*The data:*

= = =

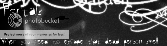 http://i212.photobucket.com/albums/c...Arm/Banner.png In the land of the dead-- Heck boy, ain't it grand? I'm the overlord of the underworld, Cause I hold Horror's Hand! In the land of the dead, I'm darkside royalty. I'm far renowned in the underground, And you can't take that from me! Welcome to the Land of the Dead, my first hangout thread! I tried to put some effort into this, so please enjoy your stay! *Ahem* Here we host all types. From the dead, to the demons, to the... if we must, the humans. Feel free to discuss anything you'd like! If we had to have a subject, though... Spooky stuff. Boy, do all of us here love spooky stuff. Horror movies, odd music, horror games (videogames in general, really), ghosts, and things like spiders and peculiar smells. But again feel free to come at us with anything you'd like. I'll be your host, Dollie. Follow me, and don't stray too far off the path... ---- INDEX 1.: Entrance (You are here) 2.: The Old Gates (Rules and News) 3.: Where Am I? (Thread Description) 4.: Humans Go Here (Human/Living Residents) 5.: Dead People Go Here (Dead Residents) 6.: Dollie's Notebook and the Death Note (Black and White Lists) 7.: Portals (Links) 8.: That's Pretty Funny (Worthy Quotes) 9.: Misc. (Credits and stuff) |
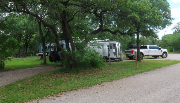 2:10 we arrived at McKinney Falls State Park $6.00 entry Site #62 was a drive thru up on this little hill. Right out our window was our neighbor’s picnic table. Poor layout of sites!🤦♀️ We got all setup, windows open for it was 69* and very windy. We had ground turkey tacos and relaxed for awhile. Took a walk around campground then drove down to the lower & upper falls. Fields of flowers were everywhere. Lots of different kinds of butterflies…I was in heaven. 🦋 We walked around the McKinney Homestead where the stone walls hold the stories of empire slavery, emancipation, farming and family life from 1850-1940. Enslaved people built the homestead for Thomas McKinney, a race horse breeder and one of Stephen Austin’s original colonists. Unfortunately our next stop was the visitor’s center but it was closed, only open on weekends! So I cut a bunch of wildflowers and made an arrangement for our table. After 6 days of boon docking, a nice long shower and a good hair washing never felt so good! Tim crashed early. I worked on the blog for awhile then I watched Mama Mia till midnight! Today we traveled 284.8 miles.
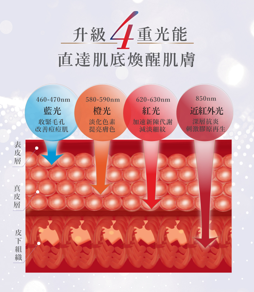 - 新式光學美容,4重光能直達肌底,煥醒肌膚
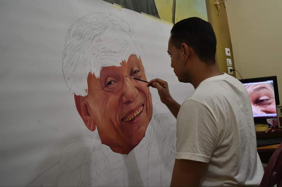 ونشر الزعيم، عددًا من الصور عبر صفحته الرسمية على موقع التواصل الاجتماعي "فيسبوك"، والتي تظهر مراحل رسم لوحة له، وسط تفاعل كبير من متابعيه.
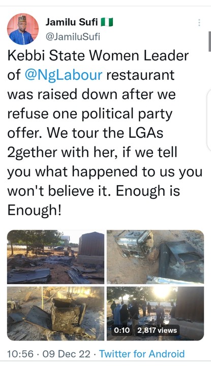 "Kebbi State Women Leader of Labour restaurant was razed down after we refused one political party's offer.
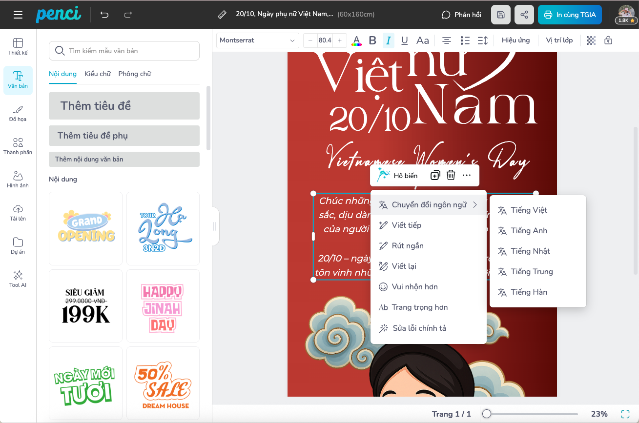 thieke thuvien Gợi ý mẫu Standee, cờ phướn ngày Phụ nữ 20/10 đẹp, miễn phí dành cho nhà bán hàng By admin | 15 tháng 10 năm 2025 6 đã đọc Ngày Phụ nữ Việt Nam 20/10 là thời điểm vàng để các nhà bán hàng, cửa tiệm hay doanh nghiệp nhỏ tạo chiến dịch tri ân và thu hút khách hàng nữ. Và trong số những công cụ truyền thông hiệu quả nhất, standee 20/10 và cờ phướn ngày phụ nữ luôn chiếm vị trí hàng đầu. Dù là cửa hàng thời trang, tiệm café, spa, nhà hàng hay showroom sản phẩm, một thiết kế standee hoặc cờ phướn đẹp sẽ biến không gian trở nên sinh động, tạo ấn tượng và truyền tải thông điệp tri ân đến khách hàng. Trên nền tảng Penci.vn - công cụ thiết kế online miễn phí của người Việt, bạn có thể tự tay tạo ra thiết kế standee, cờ phướn 20/10 miễn phí chỉ trong vài phút. Không cần kỹ năng thiết kế, không phải tải phần mềm, chỉ cần chọn mẫu, tùy chỉnh nội dung, thêm logo hoặc hình ảnh và đặt in trực tiếp. Sử dụng mẫu này 1. Vì sao nhà bán hàng cần chuẩn bị standee, cờ phướn cho ngày Phụ nữ Việt Nam 20/10 Nếu như những ngày lễ khác thường tập trung vào quảng bá khuyến mãi hoặc ra mắt sản phẩm mới, thì ngày 20/10 lại là cơ hội đặc biệt để thương hiệu thể hiện sự trân trọng với khách hàng nữ, đây là nhóm chiếm tỷ lệ lớn trong mọi lĩnh vực tiêu dùng. Một standee hoặc cờ phướn được thiết kế đẹp mắt, thông điệp rõ ràng không chỉ là công cụ trang trí, mà còn là “người đại diện thầm lặng” cho thương hiệu. Nó giúp: Tạo không khí lễ hội, thu hút sự chú ý: Không gian trưng bày có standee, cờ phướn sẽ nổi bật hơn hẳn, dễ khiến khách hàng dừng chân và ghé xem. Tăng độ nhận diện thương hiệu: Logo, slogan, màu sắc đặc trưng của cửa hàng được lặp lại trên ấn phẩm giúp khách hàng ghi nhớ lâu hơn. Truyền tải thông điệp tri ân: Một câu chúc đơn giản nhưng được trình bày tinh tế có thể khiến khách hàng cảm nhận được sự chân thành từ thương hiệu. Kết hợp quảng bá khuyến mãi: Thêm thông tin về ưu đãi hoặc mini game 20/10 ngay trên standee, cờ phướn giúp chiến dịch bán hàng trở nên hiệu quả hơn. Vì vậy, đầu tư cho ấn phẩm truyền thông như standee và cờ phướn 20/10 không chỉ là “làm cho đẹp”, mà là chiến lược giúp bạn chạm đến cảm xúc khách hàng và tăng doanh thu dịp lễ. 2. Mẫu thiết kế Standee 20/10 đẹp giúp thu hút khách hàng Một thiết kế standee 20/10 đẹp không chỉ cần bắt mắt, mà còn phải hài hòa giữa thông điệp, bố cục và màu sắc thương hiệu. Bộ sưu tập mẫu standee trên Penci.vn được đội ngũ họa sĩ Việt sáng tạo theo xu hướng hiện đại: sử dụng gam hồng phấn, pastel, be nhẹ hoặc đỏ đô sang trọng,... những tông màu đại diện cho sự dịu dàng nhưng đầy sức mạnh của người phụ nữ Việt. Các mẫu standee 20/10 được chia thành nhiều phong cách: sang trọng cho spa, mỹ phẩm; tươi trẻ cho cửa hàng quà tặng; chuyên nghiệp cho doanh nghiệp hoặc showroom. Tất cả đều có thể tùy chỉnh nội dung, thêm logo, hình ảnh hoặc QR code liên kết đến fanpage hay website của bạn. Dưới đây là một số mẫu nổi bật trên Penci, tất cả đều có thể sử dụng và tùy chỉnh miễn phí: Sử dụng mẫu này Sử dụng mẫu này Sử dụng mẫu này Sử dụng mẫu này Sử dụng mẫu này Sử dụng mẫu này Xem thêm: Thư viện Mẫu thiết kế Standee 20/10 đẹp, miễn phí 3. Mẫu thiết kế cờ phướn 20/10 ấn tượng, độc đáo Cờ phướn (loại cờ hình chữ nhật, thường được treo dọc trên các cột, cây, hoặc tường) là lựa chọn hoàn hảo để tăng độ phủ thương hiệu và lan tỏa không khí 20/10 tại khu vực cửa hàng, trung tâm thương mại hay mặt tiền đường. Một mẫu cờ phướn ấn tượng có thể khiến người đi đường dừng lại vài giây đủ để đọc thông điệp hoặc ghi nhớ hình ảnh thương hiệu. Penci cung cấp nhiều mẫu Cờ phướn 20/10 với kích thước chuẩn in 0.6x2.2m và có sẵn layout thiết kế theo hướng dọc với hình dáng cánh buồm, chữ nhật hoặc giọt nước. Bạn có thể chọn mẫu phù hợp với phong cách thương hiệu, thay đổi hình ảnh nhân vật, câu chúc, hoặc chèn chương trình khuyến mãi trực tiếp. Penci gợi ý bạn tùy chỉnh một số mẫu dưới đây: Sử dụng mẫu này Sử dụng mẫu này Sử dụng mẫu này Sử dụng mẫu này Sử dụng mẫu này Xem thêm: Thư viện mẫu thiết kế cờ phướn 20/10 ấn tượng, độc đáo 4. Thiết kế Standee, Cờ phướn trực tuyến trên Penci miễn phí và dễ dàng Không cần phải thuê thiết kế ngoài hay chờ đợi file in, Penci.vn cho phép bạn tự thiết kế standee, cờ phướn online chỉ trong vài phút và hoàn toàn miễn phí. Giao diện kéo thả trực quan giúp bất kỳ ai cũng có thể sử dụng, dù không biết Photoshop hay Illustrator. Khi truy cập Penci.vn, bạn chỉ cần: Chọn danh mục “Standee” hoặc “Cờ phướn” trong thư viện ấn phẩm. Lựa chọn mẫu yêu thích từ hàng trăm thiết kế sẵn. Tùy chỉnh nội dung và màu sắc theo thươ
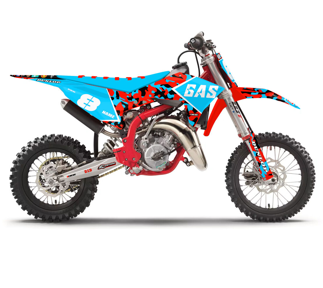 Gas Gas MC50 MC65 MC85 Concealed Series Light Blue Full Graphics Kit. Custom made with your name & race number. Add your sponsor logos (Optional).
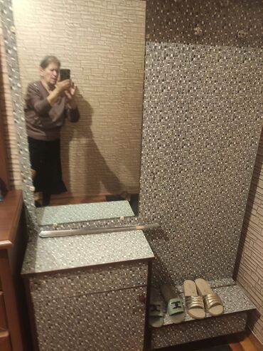 - Şkaf: klassik üslubda, laklı taxta səth. 4 qapılı aşağı bölmə və yuxarıda əlavə iki qapılı bölmə. Geyim və əşyalar üçün geniş saxlamə imkanı.
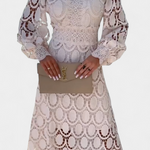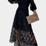 Lucinda Vestido Midi de Encaje con Mangas Farol y Cuello Alto
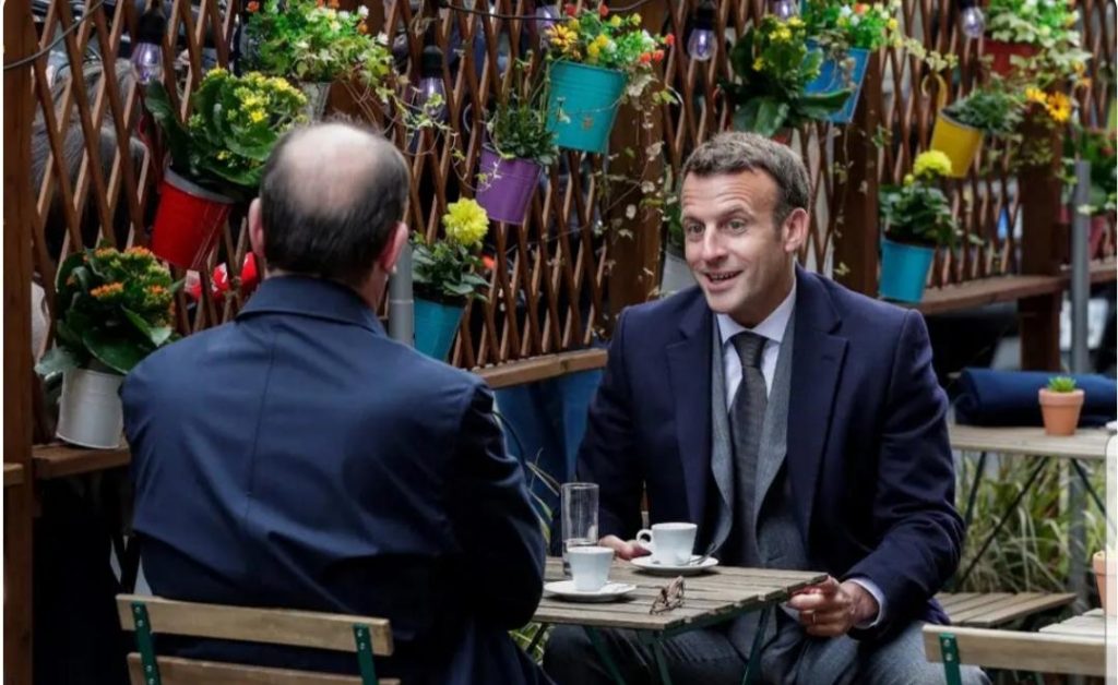 ■هذا يوم الأربعاء، قبل وقت قصير ، شارك إيمانويل ماكرون وجان كاستدكس قهوة شرفة إحدى المقاهي أمام كاميرات قنوات العالم والمصورين الصحفيين. و أراد رئيس الجمهورية ورئيس الوزراء أن يجسد المرحلة الجديدة من التقديم، الذي تميز بإعادة فتح الحانات والمطاعم ودور السينما والمسارح والمتاحف.
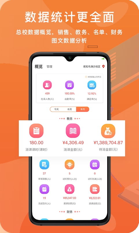 3、移动办公:各岗位日常工作更便捷,随时随地掌控全局, 机构管理高效。
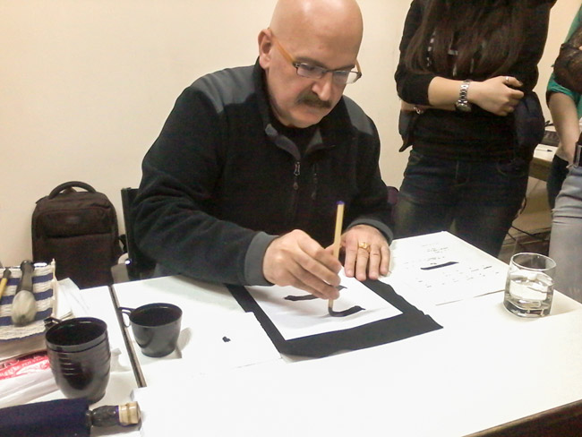 Դասընթացի սկզբում պարոն Քալայջյանը Ձեն փիլիսոփայական ուսմունքի վերաբերյալ որոշ տեղեկություններ հաղորդեց մասնակիցներին և նկարագրեց չինական վրձնարվեստի հիմնատարրերը: Վրձնարվեստը տարբերվում է արվեստի մյուս ձևերից, այն զգացողություններ է արթնացնում. ասես նկարիչն ուղղակի վրձնահարվածներ կամ լայն գծեր անելիս լինի` որևէ տառանշանի, կերպարի կամ տեսարանի տպավորություն ստեղծելու համար: Սակայն սա լոկ գեղեցիկ պատկեր ստանալու եղանակ չէ, այլ փիլիսոփայական ու զգայական ասելիքի պատկերում: Ի տարբերություն նկարչության, որը կարող է սպոնտան` ինքնաբուխ լինել, վրձնարվեստում ոչինչ պատահական չէ. նկարիչը պտտաձև շարժումներով սկսում է պատկերն էջի սկզբից ու աշխատելու ողջ ընթացքում կենտրոնացած է մնում տվյալ պահի և տրամադրության մեջ:
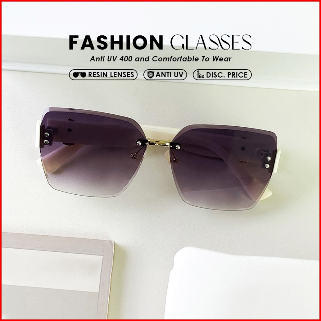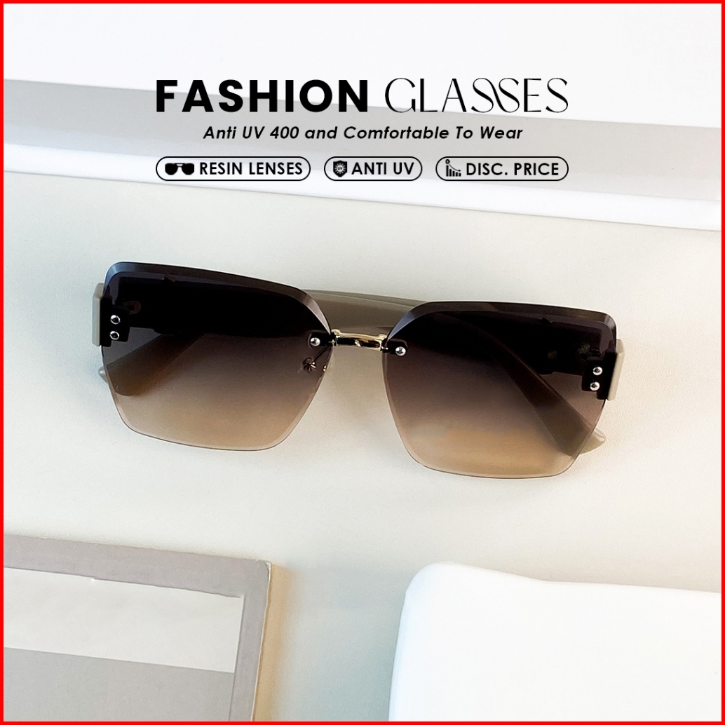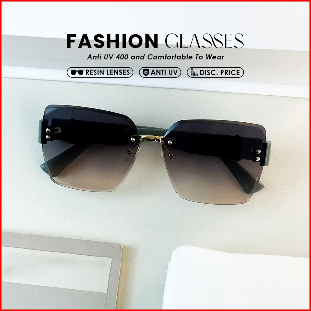 Kacamata Hitam Sunglasses Frameless Style Geometri Bahan Metal Tr-90 Wanita Modern Beauty Miror B3045
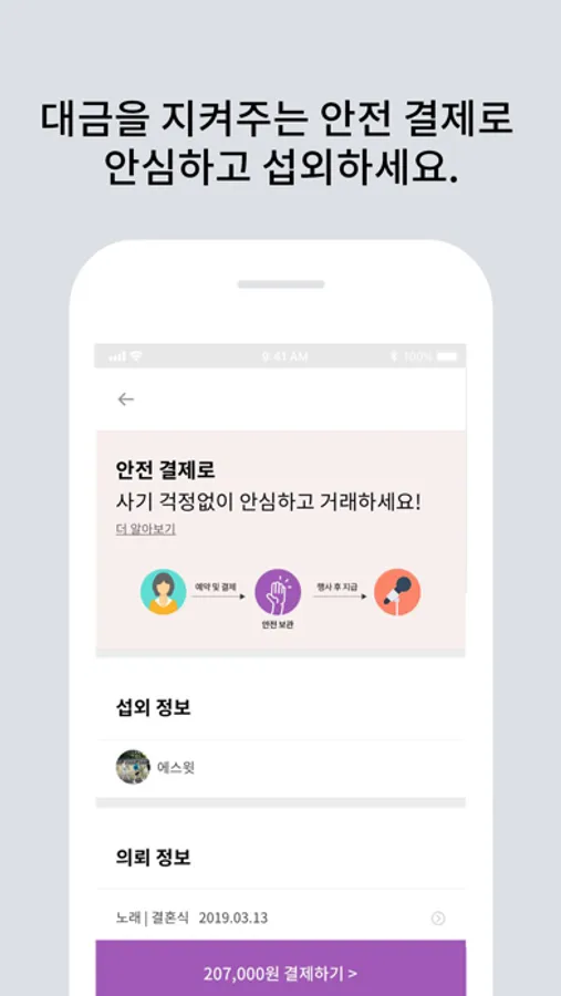 3. 안전 결제로 원하는 엔터테이너를 섭외하세요.
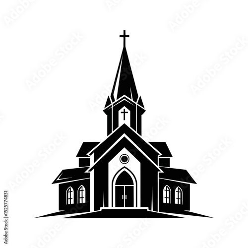 A stark black silhouette of a church, isolated on white background, its steeple reaching towards the heavens, stands as a symbol of faith and community
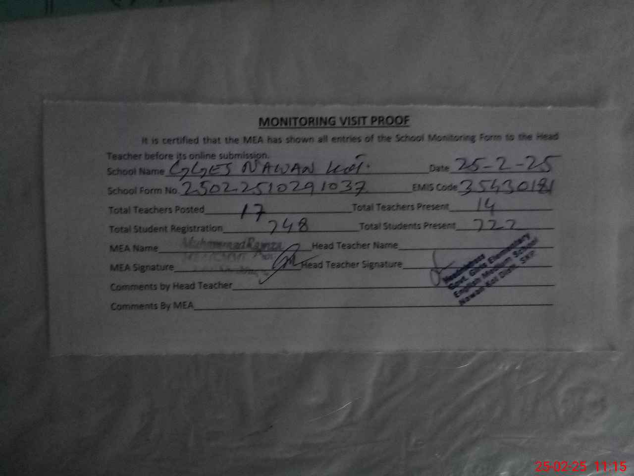 | Attendance Register | Head Teacher | MEA with School | Visit Proof |
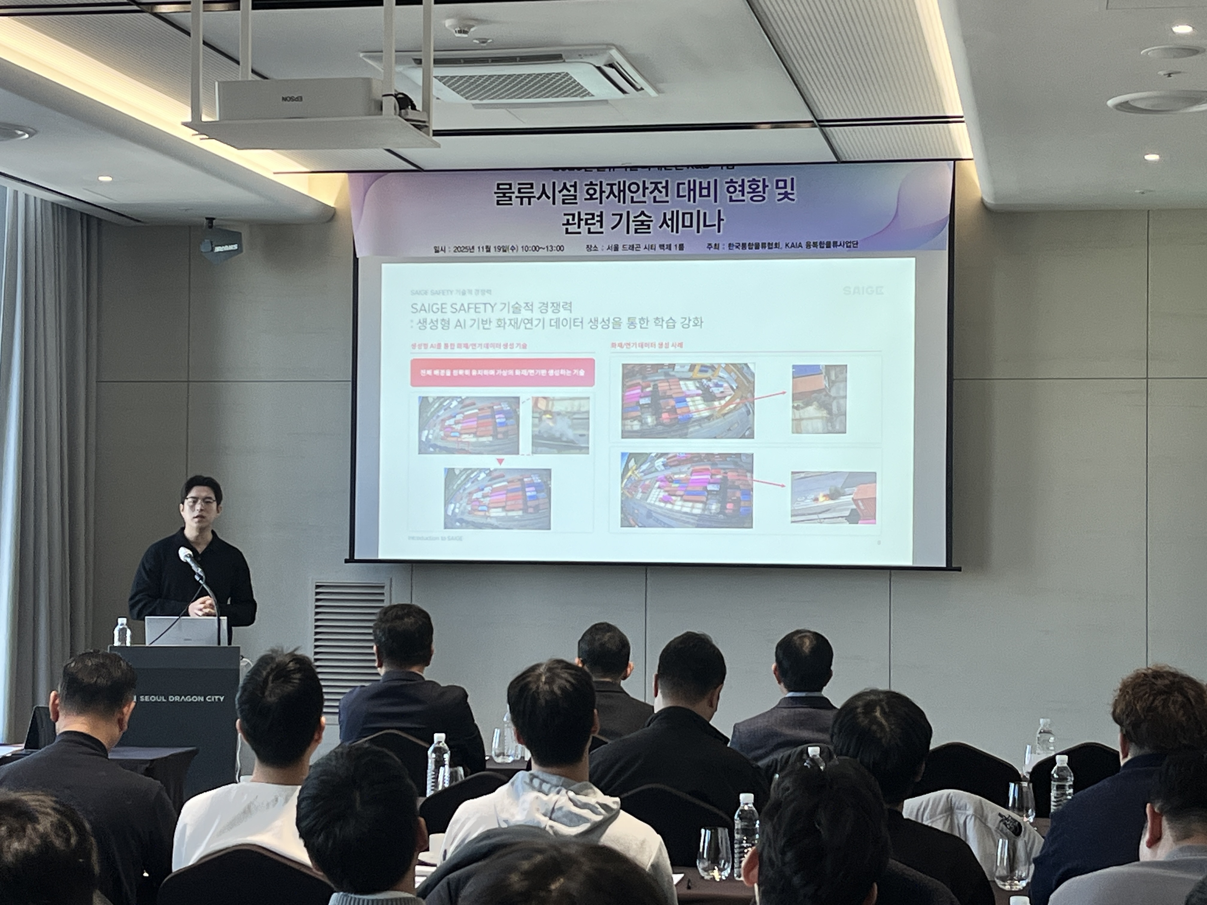 마지막으로 AI CCTV 통한 관제 등의 AI 기술을 통해 산업 안전 모니터링 솔루션을 제시하는 SAIGE SAFETY의 임광현 이사가 발표하였다. 물류 창고 화재의 위험성을 언급하며 물류산업에서의 안전에 대한 중요성을 강조하였고, 이를 위한 SAIGE SAFETY의 핵심 기술력을 제시하였다. 핵심 기술력으로는 ‘산업현장에 대한 정확한 관제기술’, ‘Depth AI 기반의 위험 영역 침입 및 중장비 협착 감지’, ‘생성형 AI 기반 화재/연기 데이터 생성을 통한 학습 강화’를 제시하였고, 이를 다수의 실제 산업현장에 적용하고 있다. 이러한 기술력을 통해 ‘기존 CCTV와의 즉시 연동’, ‘현장 특성에 맞춘 AI 감지 설정’, ‘직관적인 통계 분석 대시보드’를 주요기능으로써 제공하고 있다.
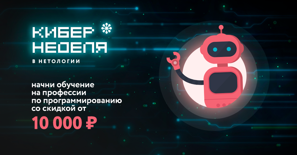 Центр онлайн-образования «Нетология» запустил акцию под названием «КиберНеделя». До 30 января 2018 года можно получить скидку на обучение по направлению «программирование».
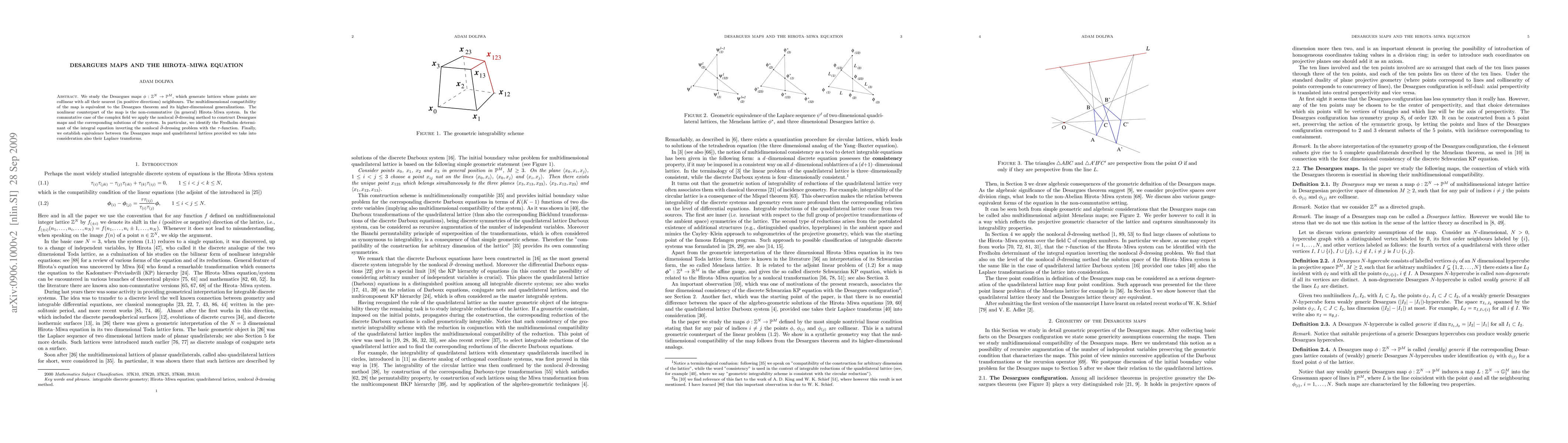 We study the Desargues maps $\phi:\ZZ^N\to\PP^M$, which generate lattices whose points are collinear with all their nearest (in positive directions) neighbours. The multidimensional compatibility of the map is equivalent to the Desargues theorem and its higher-dimensional generalizations. The nonlinear counterpart of the map is the non-commutative (in general) Hirota--Miwa system. In the commutative case of the complex field we apply the nonlocal $\bar\partial$-dressing method to construct Desargues maps and the corresponding solutions of the equation. In particular, we identify the Fredholm determinant of the integral equation inverting the nonlocal $\bar\partial$-dressing problem with the $\tau$-function. Finally, we establish equivalence between the Desargues maps and quadrilateral lattices provided we take into consideration also their Laplace transforms.

= = =

*Problem to solve:* For the data above, set down exactly the lines from the line with "ونشر الزعيم، عددًا" to the line with "political party's offer.", both included, leaving pictures out.

*Answer to this problem:*
 ونشر الزعيم، عددًا من الصور عبر صفحته الرسمية على موقع التواصل الاجتماعي "فيسبوك"، والتي تظهر مراحل رسم لوحة له، وسط تفاعل كبير من متابعيه.
 "Kebbi State Women Leader of Labour restaurant was razed down after we refused one political party's offer.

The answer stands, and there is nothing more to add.